Six Nations: frustrated Gregor Townsend turns focus towards summer tour

"Tours give opportunities to look at people who haven’t played before for Scotland or who haven’t played that much at pro level."

Gregor Townsend with Scotland's lead performance analyst Gavin Vaughan after Saturday's loss to Ireland in Dublin. Image: © Craig Watson - www.craigwatson.co.uk
Gregor Townsend with Scotland's lead performance analyst Gavin Vaughan after Saturday's loss to Ireland in Dublin. Image: © Craig Watson - www.craigwatson.co.uk

GREGOR TOWNSEND admitted that frustration was his overriding emotion as he looked back at a Six Nations campaign which started with a bang for Scotland in Cardiff, at least until the 47th minute, before inconsistency often driven by indiscipline at key moments took hold, leaving his team having to settle for fourth in the table (fortunate to finish ahead of Italy who only lost two games compared to Scotland’s three).

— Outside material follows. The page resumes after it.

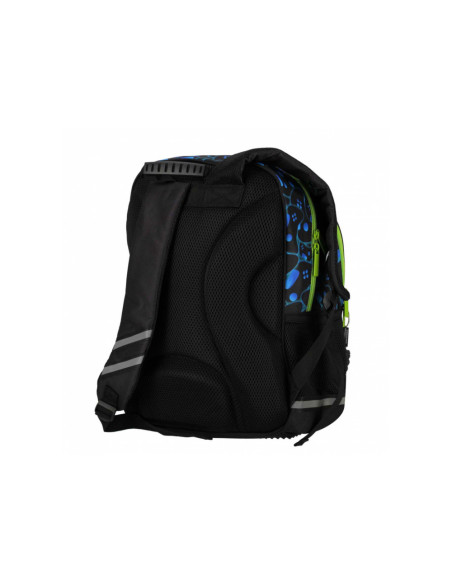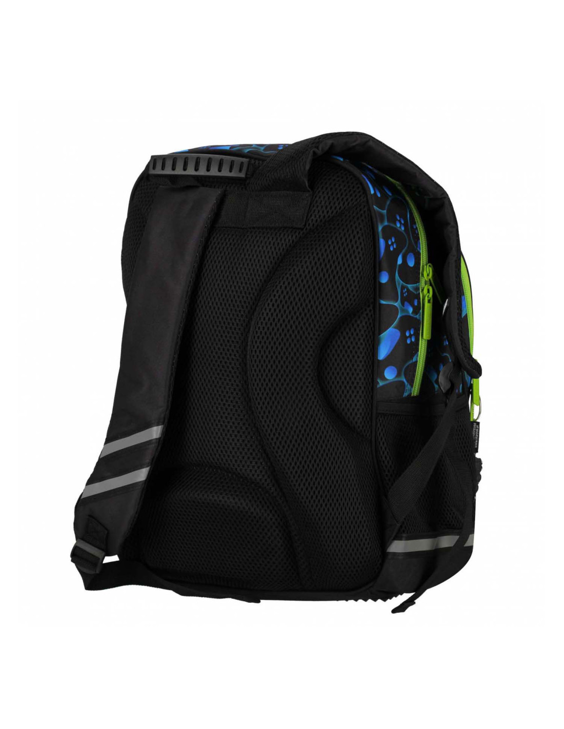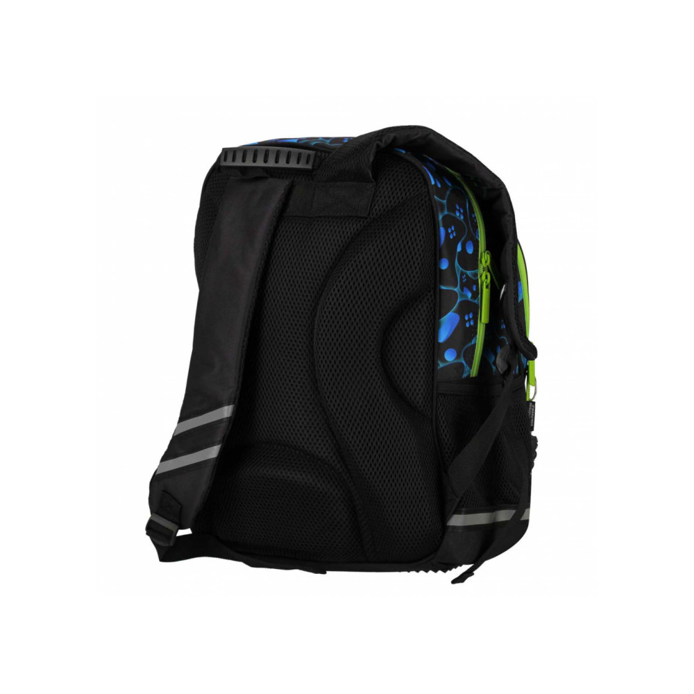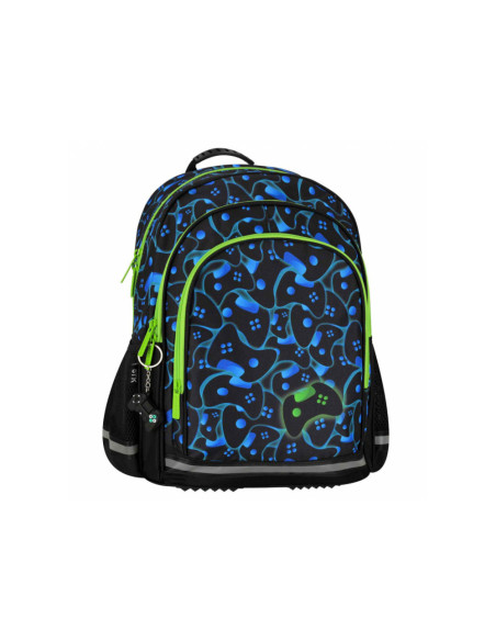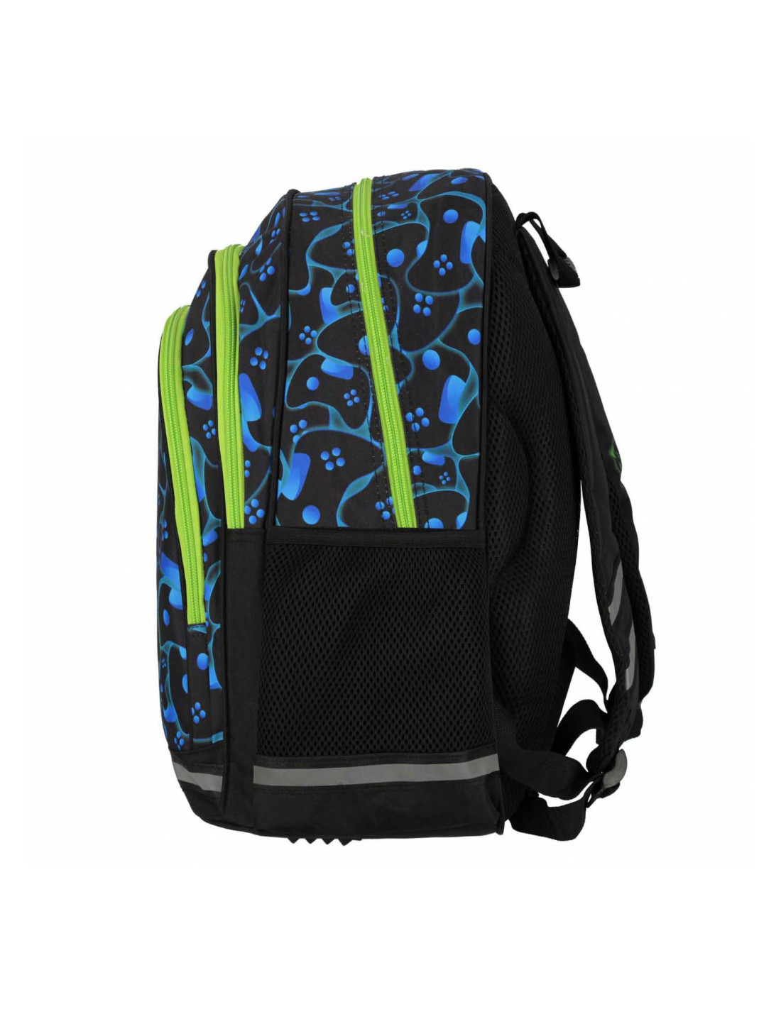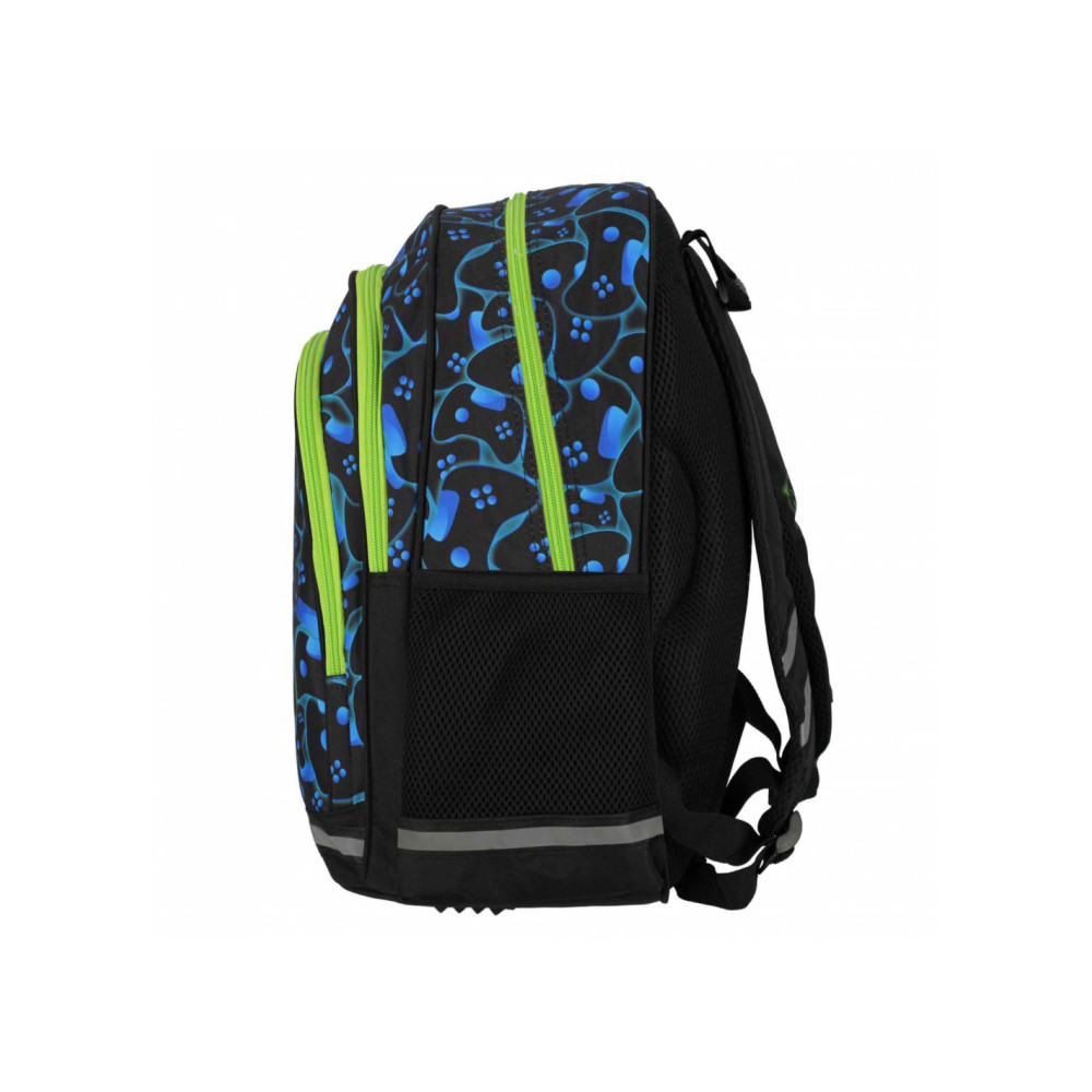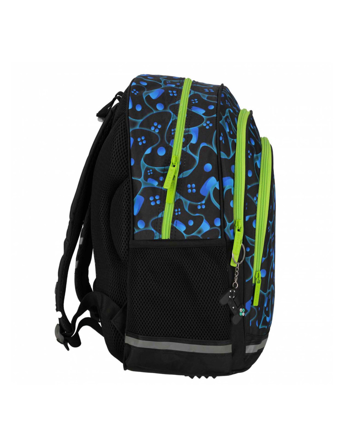 Zwart-blauwe STARPAK rugzak met gamepad-graphics, twee hoofdcompartimenten, ruime voorvakken en zijvakken met trekkoord. Met reflecterende strepen, sponsvulling en rubberen speelmat-hanger. Textielproduct van 40 x 29 x 20 cm, inhoud ca. 23 liter.

“The two games that were the biggest missed opportunities were France – and we still believe that was a try we scored at the end of the game – and Italy, which was an underperformance in the third quarter,” Townsend reflected on Saturday evening, after Scotland had answered some of their doubters with their best performance of the campaign in a 17-13 loss to Ireland in Dublin.

“Today we were still playing for something, unlikely to play for the title although it was mathematically possible, but we put everything in to win that game today. We were still chasing a win at the end. A lot of teams have come here and not got close to Ireland so I’m proud of the way we finished the championship, but when you have three close defeats, you’ll feel it’s one that got away.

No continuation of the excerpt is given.